START Material for the task

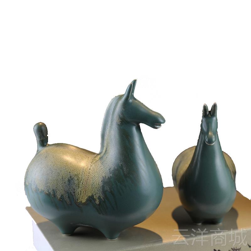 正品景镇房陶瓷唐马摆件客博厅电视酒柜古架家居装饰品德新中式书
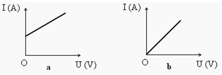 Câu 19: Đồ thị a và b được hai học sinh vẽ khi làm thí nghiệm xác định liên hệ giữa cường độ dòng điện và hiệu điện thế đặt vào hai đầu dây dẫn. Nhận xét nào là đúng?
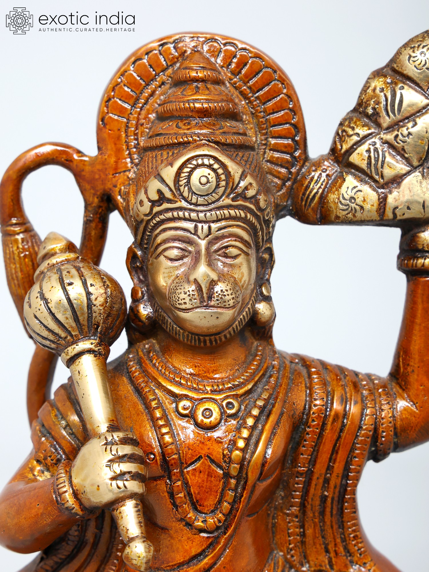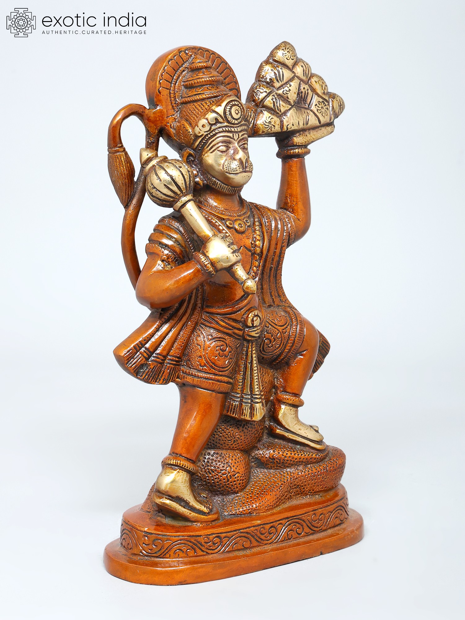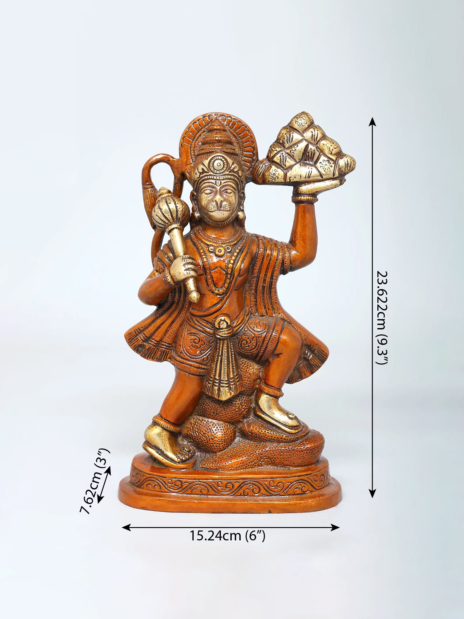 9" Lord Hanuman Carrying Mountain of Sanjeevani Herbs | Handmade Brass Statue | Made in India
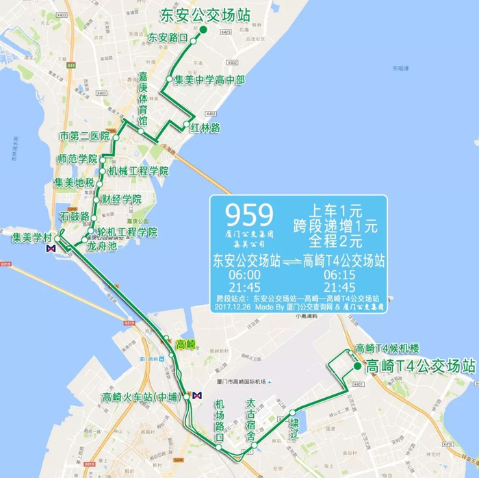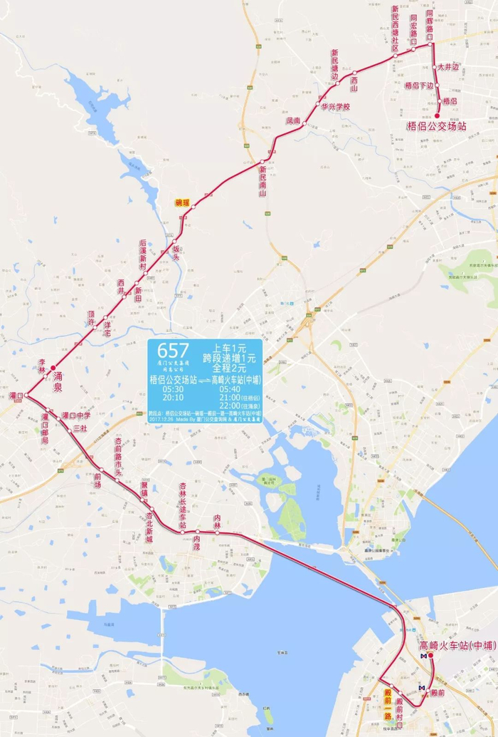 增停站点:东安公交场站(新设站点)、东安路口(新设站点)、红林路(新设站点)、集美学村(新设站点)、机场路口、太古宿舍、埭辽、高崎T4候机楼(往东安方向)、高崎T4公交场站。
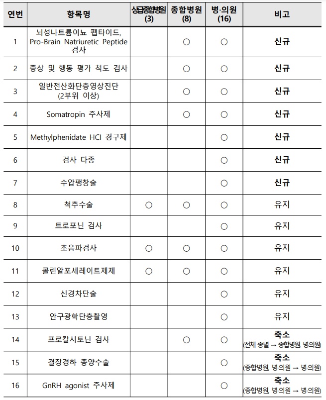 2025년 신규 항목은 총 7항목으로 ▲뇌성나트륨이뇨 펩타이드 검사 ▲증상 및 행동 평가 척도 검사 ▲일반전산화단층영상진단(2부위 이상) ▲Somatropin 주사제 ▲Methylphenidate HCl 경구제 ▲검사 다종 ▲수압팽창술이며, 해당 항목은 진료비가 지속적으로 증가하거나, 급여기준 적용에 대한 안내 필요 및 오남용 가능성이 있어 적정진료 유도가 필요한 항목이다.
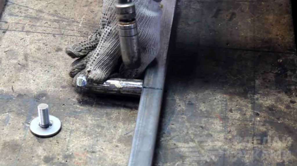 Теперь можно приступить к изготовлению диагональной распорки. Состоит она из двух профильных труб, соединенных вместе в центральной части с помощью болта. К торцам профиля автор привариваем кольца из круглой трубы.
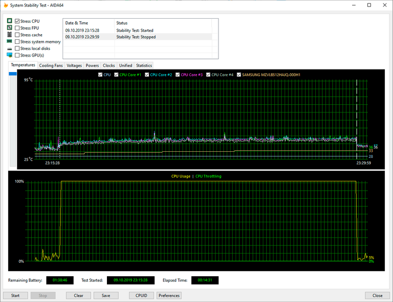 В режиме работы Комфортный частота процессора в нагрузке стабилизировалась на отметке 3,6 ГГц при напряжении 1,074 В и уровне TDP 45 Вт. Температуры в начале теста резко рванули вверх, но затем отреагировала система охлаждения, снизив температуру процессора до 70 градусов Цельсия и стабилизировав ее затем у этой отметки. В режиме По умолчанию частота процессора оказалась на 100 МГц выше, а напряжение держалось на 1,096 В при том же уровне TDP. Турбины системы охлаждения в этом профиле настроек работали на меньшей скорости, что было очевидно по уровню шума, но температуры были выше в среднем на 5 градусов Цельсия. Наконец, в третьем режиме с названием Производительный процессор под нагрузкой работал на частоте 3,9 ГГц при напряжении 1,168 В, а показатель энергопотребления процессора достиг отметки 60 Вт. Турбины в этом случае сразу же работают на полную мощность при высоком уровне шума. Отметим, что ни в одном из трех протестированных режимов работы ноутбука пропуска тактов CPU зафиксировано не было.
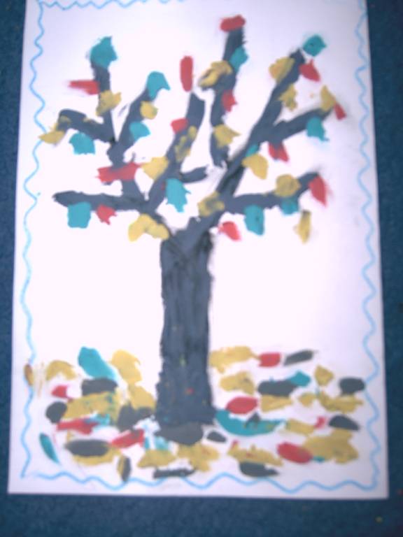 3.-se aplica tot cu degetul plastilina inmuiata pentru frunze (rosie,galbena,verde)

END Material for the task

▸ **Your assignment**
What the task needs is the material above repeated exactly, pictures excepted.

▸ **Task solution**
 正品景镇房陶瓷唐马摆件客博厅电视酒柜古架家居装饰品德新中式书
 Câu 19: Đồ thị a và b được hai học sinh vẽ khi làm thí nghiệm xác định liên hệ giữa cường độ dòng điện và hiệu điện thế đặt vào hai đầu dây dẫn. Nhận xét nào là đúng?
 9" Lord Hanuman Carrying Mountain of Sanjeevani Herbs | Handmade Brass Statue | Made in India
 增停站点:东安公交场站(新设站点)、东安路口(新设站点)、红林路(新设站点)、集美学村(新设站点)、机场路口、太古宿舍、埭辽、高崎T4候机楼(往东安方向)、高崎T4公交场站。
 2025년 신규 항목은 총 7항목으로 ▲뇌성나트륨이뇨 펩타이드 검사 ▲증상 및 행동 평가 척도 검사 ▲일반전산화단층영상진단(2부위 이상) ▲Somatropin 주사제 ▲Methylphenidate HCl 경구제 ▲검사 다종 ▲수압팽창술이며, 해당 항목은 진료비가 지속적으로 증가하거나, 급여기준 적용에 대한 안내 필요 및 오남용 가능성이 있어 적정진료 유도가 필요한 항목이다.
 Теперь можно приступить к изготовлению диагональной распорки. Состоит она из двух профильных труб, соединенных вместе в центральной части с помощью болта. К торцам профиля автор привариваем кольца из круглой трубы.
 В режиме работы Комфортный частота процессора в нагрузке стабилизировалась на отметке 3,6 ГГц при напряжении 1,074 В и уровне TDP 45 Вт. Температуры в начале теста резко рванули вверх, но затем отреагировала система охлаждения, снизив температуру процессора до 70 градусов Цельсия и стабилизировав ее затем у этой отметки. В режиме По умолчанию частота процессора оказалась на 100 МГц выше, а напряжение держалось на 1,096 В при том же уровне TDP. Турбины системы охлаждения в этом профиле настроек работали на меньшей скорости, что было очевидно по уровню шума, но температуры были выше в среднем на 5 градусов Цельсия. Наконец, в третьем режиме с названием Производительный процессор под нагрузкой работал на частоте 3,9 ГГц при напряжении 1,168 В, а показатель энергопотребления процессора достиг отметки 60 Вт. Турбины в этом случае сразу же работают на полную мощность при высоком уровне шума. Отметим, что ни в одном из трех протестированных режимов работы ноутбука пропуска тактов CPU зафиксировано не было.
 3.-se aplica tot cu degetul plastilina inmuiata pentru frunze (rosie,galbena,verde)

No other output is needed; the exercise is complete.